A paper machine with a tri-nip press was having sheet quality problems with scuff marking after a normal machine outage. The scuff marks could be seen at the reel as the jumbo roll was building and especially after coating the base paper. The scuffs were located across the entire machine in 1-10 inch discrete bands. One of the machine operators noticed that there were white bands on the center roll that appeared to be similar in spacing. This was not normal.
A CD paper sample was marked with the scuff marking zones and compared to the center roll buildups and found to be a close match. With the machine down, the white buildup was found to be a filler material.
Two contributing factors combined to create this quality problem. First, the filler streaking on the center roll would not be a problem if the center roll doctor was working properly. It was found that the setup of the doctor beam was wrong. A larger double soft tube (DST) loading tube was installed on the load side of the DST on the machine outage. The unload side tube size was not changed.
In order to properly set up a DST doctor blade, you first equalize the pressure on both tubes, and then set up the blade beam angle to the roll. Since the load size of the DST was larger, the blade was in a pre-loaded position when the beam angle setup was performed. When loaded against the center roll with this larger load tube, there was visibly more bend to the blade than normal. Because of the sharp bend in the doctor blade, the blade was not riding on the sharp tip and therefore not doing an adequate job of cleaning the center roll. The larger load tube was replaced with the standard load tube and then the doctor beam was reset to the proper angle.
A second contributing factor for the filler buildup on the center roll in the first place was a severely streaky bottom press wet felt. The scuff pattern and the center roll filler bands matched the streaks on the bottom felt perfectly as well. It was found that the light colored bands on the inside of the felt corresponded with dark bands on the outside of the felt and vice versa.

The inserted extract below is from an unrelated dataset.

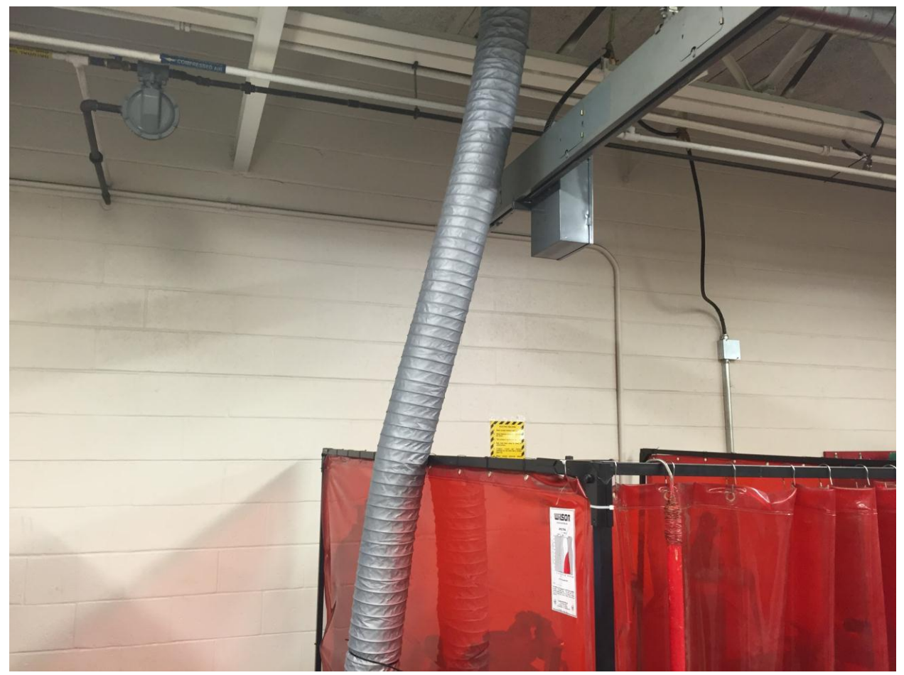
A vent tube that leads from our ventilation system to the PlasmaCam courtesy of Terry's Heating and Cooling .
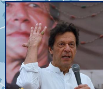
Headline 3: Imran Khan

The chemical cleaning system on this felt run was located on the inside of the felt run just before the uhle box. In order to clean the sheet side of the felt, a uhle box must suck the chemical through the felt. Where the felt appeared to be "clean" (white) on the inside, the felt was actually plugged (i.e. no purple dyed water flows through the felt in the 1st press nip). Where the felt was purple on the inside the felt was open (i.e. free purple water flows through the felt in the press nip). The center roll buildups lined up with the plugged portions of the bottom wet felt.
Apparently, where this bottom felt was plugged, more loosely bonded filler stayed on the sheet surface before contacting the center roll in the second nip. After the bottom wet felt was changed and doctor blade reset, no more scuff marks were reported.
This example shows the importance of properly setting up center roll doctor blades (~27°) and having a good wet felt cleaning program. All low pressure fanning showers need to be working and overlapping. Visible streakiness on either side of the felts should not be seen.